### DATA
⟨

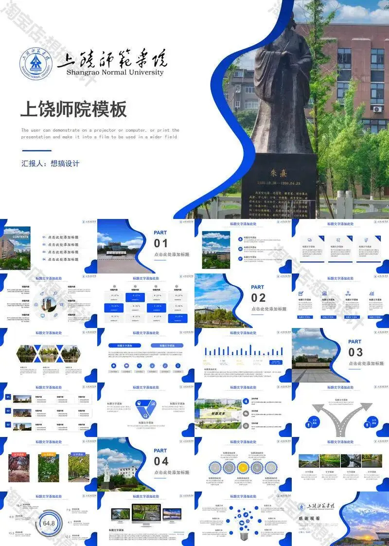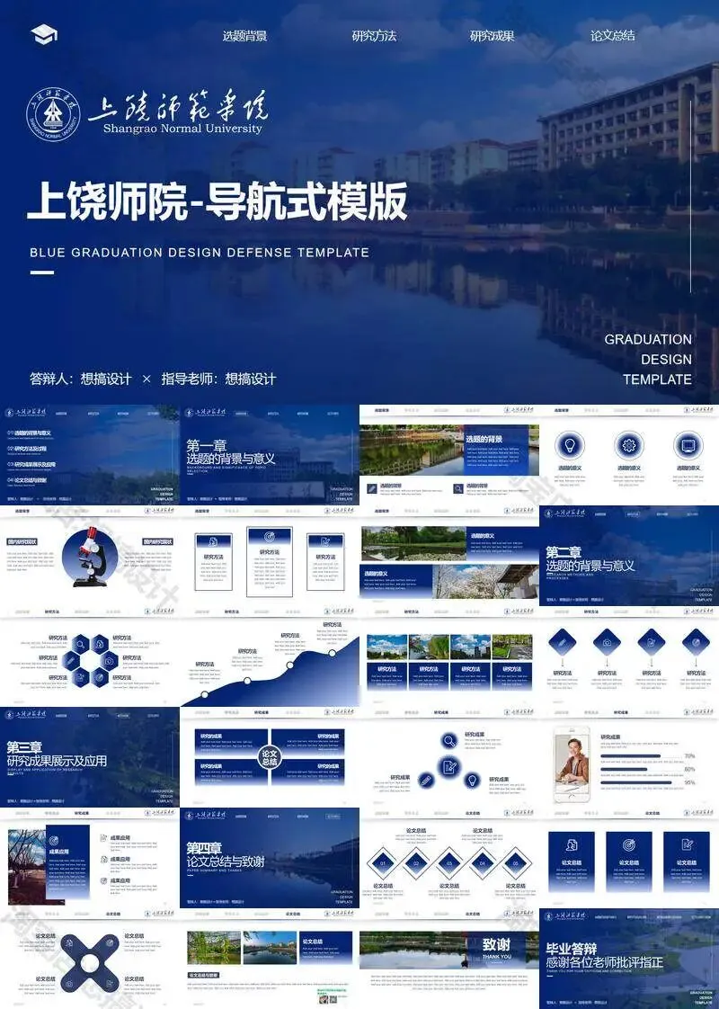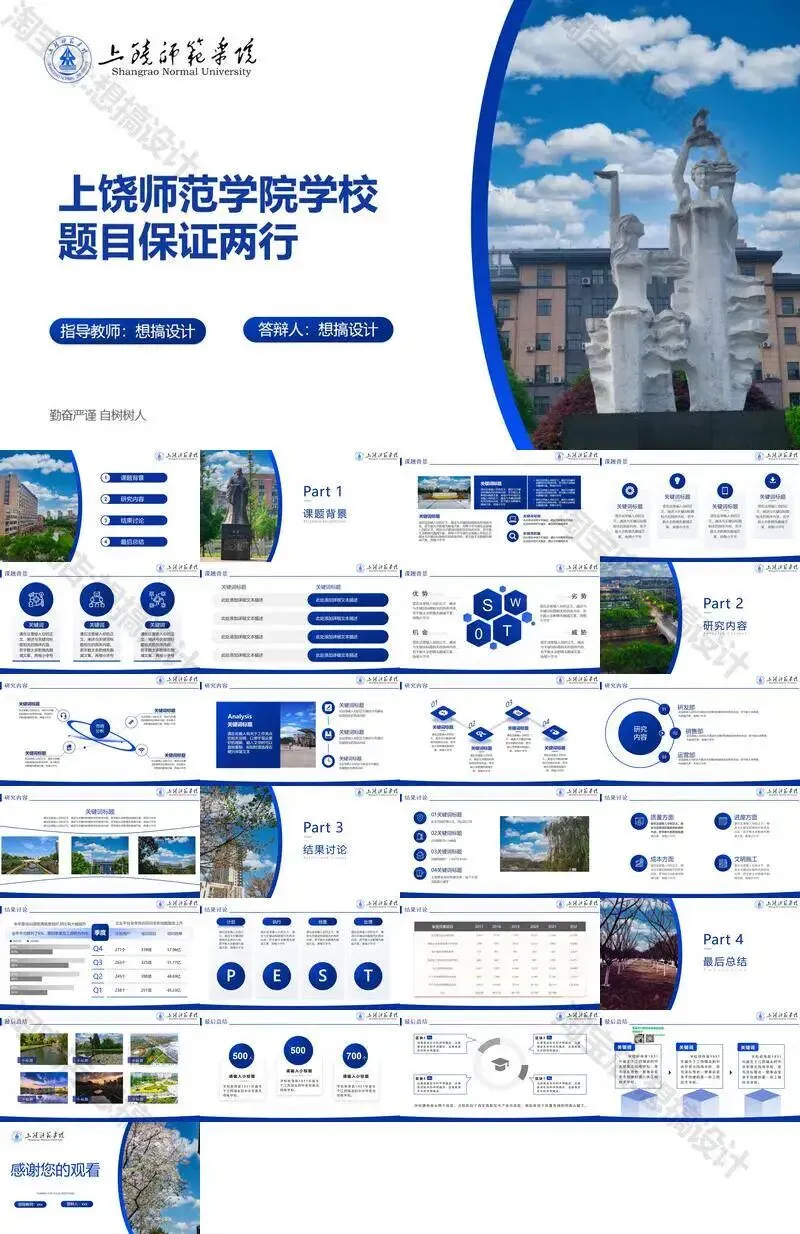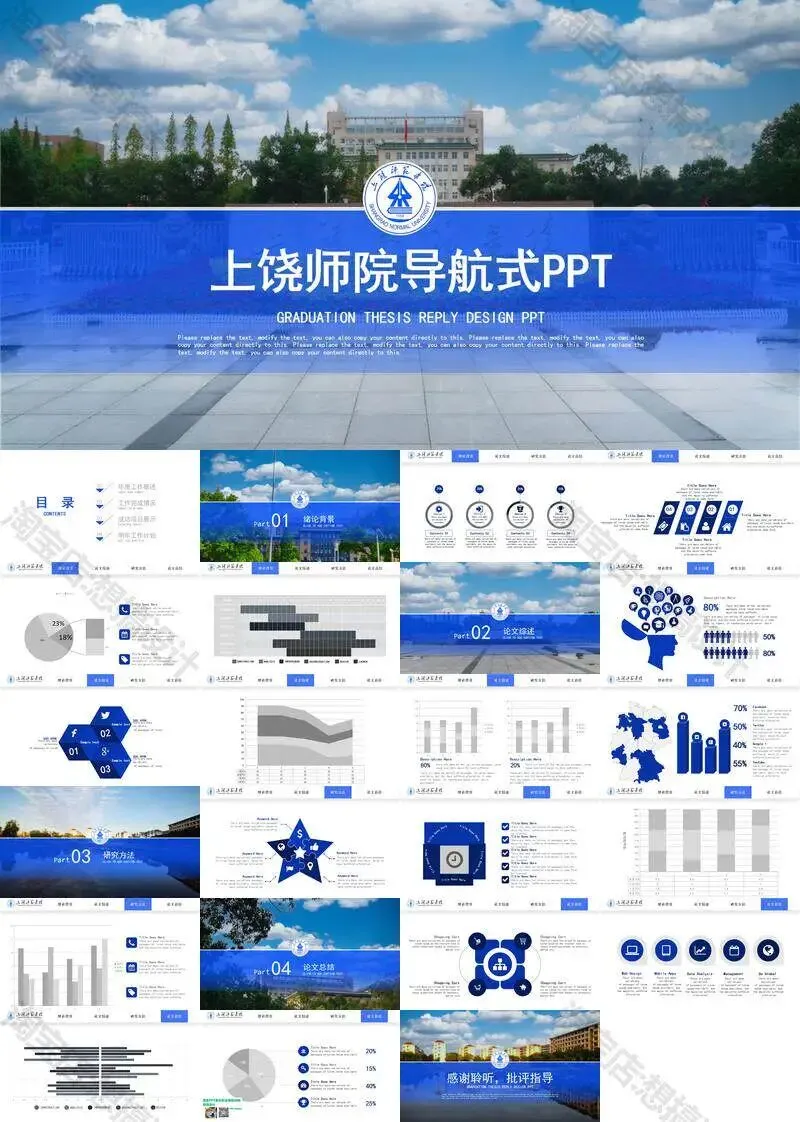 >上饶师范学院毕业答辩PPT模板汇报幻灯片课件总结大学生作品
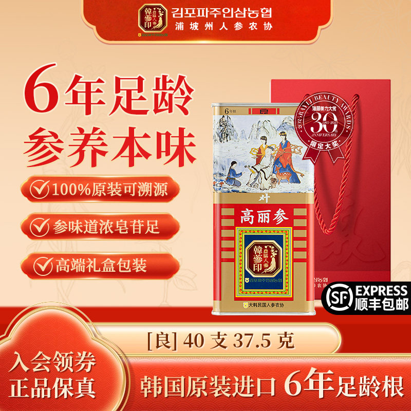 【送礼推荐】韩参印韩国进口高丽参良参40支开城人参礼盒红参礼物
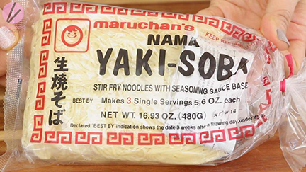 - 1 gói mì Nhật Bản nhãn hiệu Yakisoba. Nếu nhà không có sẵn mì Nhật Bản, quý vị có thể dùng mì trứng, thậm chí mì gói cũng được, nhưng nhớ phải trụng sơ trước khi xào.
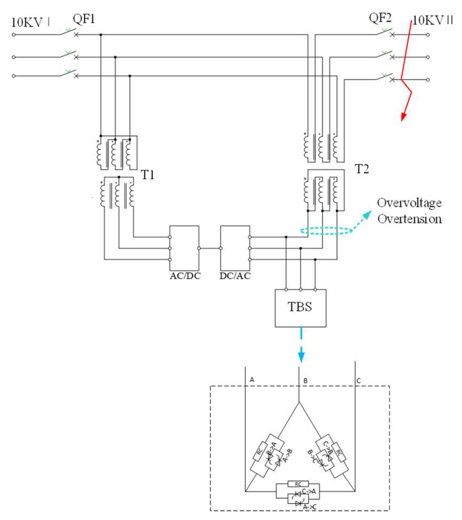 Figure 1 shows the topology of a medium-voltage flexible interconnect system based on a D-UPFC. This set of the flexible system includes the parallel transformer T1, the series transformer T2 and the low-voltage converter, which are connected to the 10 kV line to achieve flexible interconnection between the two transformer areas. The output end of the low-voltage converter is connected to the high-voltage AC system via the series transformer. When a short-circuit fault occurs in the high-voltage system, the system short-circuit current is conducted to the low-voltage side through the coupling effect of the transformer, thereby causing severe overvoltage and overcurrent conditions on the low-voltage side. In view of this, protective measures must be taken for the converter to prevent it from being damaged.
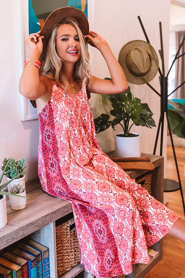 You will surely shine brighter than a "sun ray" when you wear this gorgeous jumpsuit featuring lightweight breezy material patterned with an intricate fuchsia hued pattern, a scooped neckline, adjustable spaghetti straps, a keyhole accented back with a button closure, and an ultra relaxed silhouette that falls into straight mid-calf length hemlines! We have styled this cutie with a brown block heel, faux suede hat, and clutch, but you can also wear it layered under a cropped jean jacket with "The Lela Espadrille in White!" Measurements
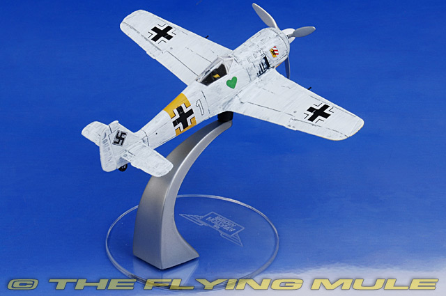 Corgi's 1:72 scale Fw 190A series includes models from all major theaters of action, from the Channel Front to the deserts of North Africa. Corgi has captured the many unique features of this aircraft, including the 12 bladed fan inside the engine cowl that spins in unison with the propeller to cool the engine. The solid metal tail and wings feature simulated fabric-stretched control surfaces. On releases with configurable landing gear or gear fixed in the down position, inner details of the wing's construction and barrels of the inboard cannons can be seen inside the wheel wells, with vents for spent shell casing behind.

⟩

### EXERCISE DESCRIPTION
Give again the stretch of the entries above that begins at the line with "- 1 gói mì Nhật" and ends at the line with "Figure 1 shows", word for word, with no pictures.

### SOLUTION TO THE PROBLEM
 - 1 gói mì Nhật Bản nhãn hiệu Yakisoba. Nếu nhà không có sẵn mì Nhật Bản, quý vị có thể dùng mì trứng, thậm chí mì gói cũng được, nhưng nhớ phải trụng sơ trước khi xào.
 Figure 1 shows the topology of a medium-voltage flexible interconnect system based on a D-UPFC. This set of the flexible system includes the parallel transformer T1, the series transformer T2 and the low-voltage converter, which are connected to the 10 kV line to achieve flexible interconnection between the two transformer areas. The output end of the low-voltage converter is connected to the high-voltage AC system via the series transformer. When a short-circuit fault occurs in the high-voltage system, the system short-circuit current is conducted to the low-voltage side through the coupling effect of the transformer, thereby causing severe overvoltage and overcurrent conditions on the low-voltage side. In view of this, protective measures must be taken for the converter to prevent it from being damaged.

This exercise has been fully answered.